Dataset records:

══════

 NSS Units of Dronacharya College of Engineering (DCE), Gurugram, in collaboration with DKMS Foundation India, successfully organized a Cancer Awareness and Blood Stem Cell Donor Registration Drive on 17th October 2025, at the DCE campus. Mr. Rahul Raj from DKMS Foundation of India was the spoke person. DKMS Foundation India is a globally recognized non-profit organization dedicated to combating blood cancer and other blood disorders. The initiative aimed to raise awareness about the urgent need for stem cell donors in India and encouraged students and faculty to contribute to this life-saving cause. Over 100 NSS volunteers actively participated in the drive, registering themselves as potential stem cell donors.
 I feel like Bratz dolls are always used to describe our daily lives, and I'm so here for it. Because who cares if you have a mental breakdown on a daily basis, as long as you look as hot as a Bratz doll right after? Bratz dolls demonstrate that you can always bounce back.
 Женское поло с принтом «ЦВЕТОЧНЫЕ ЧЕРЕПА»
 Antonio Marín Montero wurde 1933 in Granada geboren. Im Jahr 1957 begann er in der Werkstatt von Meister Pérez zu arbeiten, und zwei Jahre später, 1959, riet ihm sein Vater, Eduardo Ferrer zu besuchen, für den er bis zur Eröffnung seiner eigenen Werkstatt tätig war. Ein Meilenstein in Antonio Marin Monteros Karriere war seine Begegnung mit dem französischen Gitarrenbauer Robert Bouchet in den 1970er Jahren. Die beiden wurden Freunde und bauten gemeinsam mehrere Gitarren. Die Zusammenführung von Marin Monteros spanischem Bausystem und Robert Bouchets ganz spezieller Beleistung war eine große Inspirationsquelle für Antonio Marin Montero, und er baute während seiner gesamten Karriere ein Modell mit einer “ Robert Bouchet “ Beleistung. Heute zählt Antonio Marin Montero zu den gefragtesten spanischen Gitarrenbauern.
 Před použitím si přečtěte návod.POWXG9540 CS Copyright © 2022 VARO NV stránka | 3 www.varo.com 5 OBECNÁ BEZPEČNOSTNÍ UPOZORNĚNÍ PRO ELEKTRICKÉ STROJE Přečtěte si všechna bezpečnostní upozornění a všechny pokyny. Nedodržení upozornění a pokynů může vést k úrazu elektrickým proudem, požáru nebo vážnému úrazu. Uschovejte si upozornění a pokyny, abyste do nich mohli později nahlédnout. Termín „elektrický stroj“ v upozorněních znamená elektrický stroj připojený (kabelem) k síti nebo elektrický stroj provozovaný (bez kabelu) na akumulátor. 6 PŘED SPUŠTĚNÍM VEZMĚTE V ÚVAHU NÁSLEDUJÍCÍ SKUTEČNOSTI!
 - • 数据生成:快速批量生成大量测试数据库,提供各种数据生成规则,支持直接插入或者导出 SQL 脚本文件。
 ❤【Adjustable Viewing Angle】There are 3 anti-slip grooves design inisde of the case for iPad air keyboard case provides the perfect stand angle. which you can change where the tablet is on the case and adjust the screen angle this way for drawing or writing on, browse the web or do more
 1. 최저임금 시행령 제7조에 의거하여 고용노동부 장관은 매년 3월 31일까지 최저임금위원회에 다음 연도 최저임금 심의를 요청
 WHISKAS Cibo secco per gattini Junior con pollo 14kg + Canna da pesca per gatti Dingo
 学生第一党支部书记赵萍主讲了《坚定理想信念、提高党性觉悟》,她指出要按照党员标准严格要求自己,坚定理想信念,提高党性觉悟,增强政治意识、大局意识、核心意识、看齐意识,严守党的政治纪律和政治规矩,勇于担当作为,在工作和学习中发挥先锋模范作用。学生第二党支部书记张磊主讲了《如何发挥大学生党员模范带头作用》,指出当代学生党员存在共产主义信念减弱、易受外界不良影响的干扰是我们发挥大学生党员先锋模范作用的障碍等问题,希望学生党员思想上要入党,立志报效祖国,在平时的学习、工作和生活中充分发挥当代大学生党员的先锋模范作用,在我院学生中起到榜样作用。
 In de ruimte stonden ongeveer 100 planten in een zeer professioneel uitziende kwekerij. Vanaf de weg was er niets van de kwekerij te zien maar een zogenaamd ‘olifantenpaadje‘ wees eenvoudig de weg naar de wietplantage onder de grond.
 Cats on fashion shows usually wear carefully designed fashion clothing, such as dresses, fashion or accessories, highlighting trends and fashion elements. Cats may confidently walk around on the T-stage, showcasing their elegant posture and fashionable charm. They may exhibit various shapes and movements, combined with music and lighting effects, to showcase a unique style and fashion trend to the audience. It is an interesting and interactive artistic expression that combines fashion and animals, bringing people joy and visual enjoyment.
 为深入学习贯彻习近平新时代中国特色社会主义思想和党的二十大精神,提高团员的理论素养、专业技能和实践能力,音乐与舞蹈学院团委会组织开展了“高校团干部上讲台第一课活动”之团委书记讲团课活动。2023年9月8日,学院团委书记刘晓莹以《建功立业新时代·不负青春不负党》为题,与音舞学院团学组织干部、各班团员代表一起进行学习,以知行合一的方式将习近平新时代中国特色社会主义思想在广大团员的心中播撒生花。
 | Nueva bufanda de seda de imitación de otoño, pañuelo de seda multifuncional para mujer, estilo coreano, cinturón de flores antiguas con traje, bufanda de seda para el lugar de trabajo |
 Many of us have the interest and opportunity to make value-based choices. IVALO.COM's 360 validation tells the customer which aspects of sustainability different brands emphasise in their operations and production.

══════

■ Problem description: An exact transcription of all the records is needed.

■ Result for this task:
 NSS Units of Dronacharya College of Engineering (DCE), Gurugram, in collaboration with DKMS Foundation India, successfully organized a Cancer Awareness and Blood Stem Cell Donor Registration Drive on 17th October 2025, at the DCE campus. Mr. Rahul Raj from DKMS Foundation of India was the spoke person. DKMS Foundation India is a globally recognized non-profit organization dedicated to combating blood cancer and other blood disorders. The initiative aimed to raise awareness about the urgent need for stem cell donors in India and encouraged students and faculty to contribute to this life-saving cause. Over 100 NSS volunteers actively participated in the drive, registering themselves as potential stem cell donors.
 I feel like Bratz dolls are always used to describe our daily lives, and I'm so here for it. Because who cares if you have a mental breakdown on a daily basis, as long as you look as hot as a Bratz doll right after? Bratz dolls demonstrate that you can always bounce back.
 Женское поло с принтом «ЦВЕТОЧНЫЕ ЧЕРЕПА»
 Antonio Marín Montero wurde 1933 in Granada geboren. Im Jahr 1957 begann er in der Werkstatt von Meister Pérez zu arbeiten, und zwei Jahre später, 1959, riet ihm sein Vater, Eduardo Ferrer zu besuchen, für den er bis zur Eröffnung seiner eigenen Werkstatt tätig war. Ein Meilenstein in Antonio Marin Monteros Karriere war seine Begegnung mit dem französischen Gitarrenbauer Robert Bouchet in den 1970er Jahren. Die beiden wurden Freunde und bauten gemeinsam mehrere Gitarren. Die Zusammenführung von Marin Monteros spanischem Bausystem und Robert Bouchets ganz spezieller Beleistung war eine große Inspirationsquelle für Antonio Marin Montero, und er baute während seiner gesamten Karriere ein Modell mit einer “ Robert Bouchet “ Beleistung. Heute zählt Antonio Marin Montero zu den gefragtesten spanischen Gitarrenbauern.
 Před použitím si přečtěte návod.POWXG9540 CS Copyright © 2022 VARO NV stránka | 3 www.varo.com 5 OBECNÁ BEZPEČNOSTNÍ UPOZORNĚNÍ PRO ELEKTRICKÉ STROJE Přečtěte si všechna bezpečnostní upozornění a všechny pokyny. Nedodržení upozornění a pokynů může vést k úrazu elektrickým proudem, požáru nebo vážnému úrazu. Uschovejte si upozornění a pokyny, abyste do nich mohli později nahlédnout. Termín „elektrický stroj“ v upozorněních znamená elektrický stroj připojený (kabelem) k síti nebo elektrický stroj provozovaný (bez kabelu) na akumulátor. 6 PŘED SPUŠTĚNÍM VEZMĚTE V ÚVAHU NÁSLEDUJÍCÍ SKUTEČNOSTI!
 - • 数据生成:快速批量生成大量测试数据库,提供各种数据生成规则,支持直接插入或者导出 SQL 脚本文件。
 ❤【Adjustable Viewing Angle】There are 3 anti-slip grooves design inisde of the case for iPad air keyboard case provides the perfect stand angle. which you can change where the tablet is on the case and adjust the screen angle this way for drawing or writing on, browse the web or do more
 1. 최저임금 시행령 제7조에 의거하여 고용노동부 장관은 매년 3월 31일까지 최저임금위원회에 다음 연도 최저임금 심의를 요청
 WHISKAS Cibo secco per gattini Junior con pollo 14kg + Canna da pesca per gatti Dingo
 学生第一党支部书记赵萍主讲了《坚定理想信念、提高党性觉悟》,她指出要按照党员标准严格要求自己,坚定理想信念,提高党性觉悟,增强政治意识、大局意识、核心意识、看齐意识,严守党的政治纪律和政治规矩,勇于担当作为,在工作和学习中发挥先锋模范作用。学生第二党支部书记张磊主讲了《如何发挥大学生党员模范带头作用》,指出当代学生党员存在共产主义信念减弱、易受外界不良影响的干扰是我们发挥大学生党员先锋模范作用的障碍等问题,希望学生党员思想上要入党,立志报效祖国,在平时的学习、工作和生活中充分发挥当代大学生党员的先锋模范作用,在我院学生中起到榜样作用。
 In de ruimte stonden ongeveer 100 planten in een zeer professioneel uitziende kwekerij. Vanaf de weg was er niets van de kwekerij te zien maar een zogenaamd ‘olifantenpaadje‘ wees eenvoudig de weg naar de wietplantage onder de grond.
 Cats on fashion shows usually wear carefully designed fashion clothing, such as dresses, fashion or accessories, highlighting trends and fashion elements. Cats may confidently walk around on the T-stage, showcasing their elegant posture and fashionable charm. They may exhibit various shapes and movements, combined with music and lighting effects, to showcase a unique style and fashion trend to the audience. It is an interesting and interactive artistic expression that combines fashion and animals, bringing people joy and visual enjoyment.
 为深入学习贯彻习近平新时代中国特色社会主义思想和党的二十大精神,提高团员的理论素养、专业技能和实践能力,音乐与舞蹈学院团委会组织开展了“高校团干部上讲台第一课活动”之团委书记讲团课活动。2023年9月8日,学院团委书记刘晓莹以《建功立业新时代·不负青春不负党》为题,与音舞学院团学组织干部、各班团员代表一起进行学习,以知行合一的方式将习近平新时代中国特色社会主义思想在广大团员的心中播撒生花。
 | Nueva bufanda de seda de imitación de otoño, pañuelo de seda multifuncional para mujer, estilo coreano, cinturón de flores antiguas con traje, bufanda de seda para el lugar de trabajo |
 Many of us have the interest and opportunity to make value-based choices. IVALO.COM's 360 validation tells the customer which aspects of sustainability different brands emphasise in their operations and production.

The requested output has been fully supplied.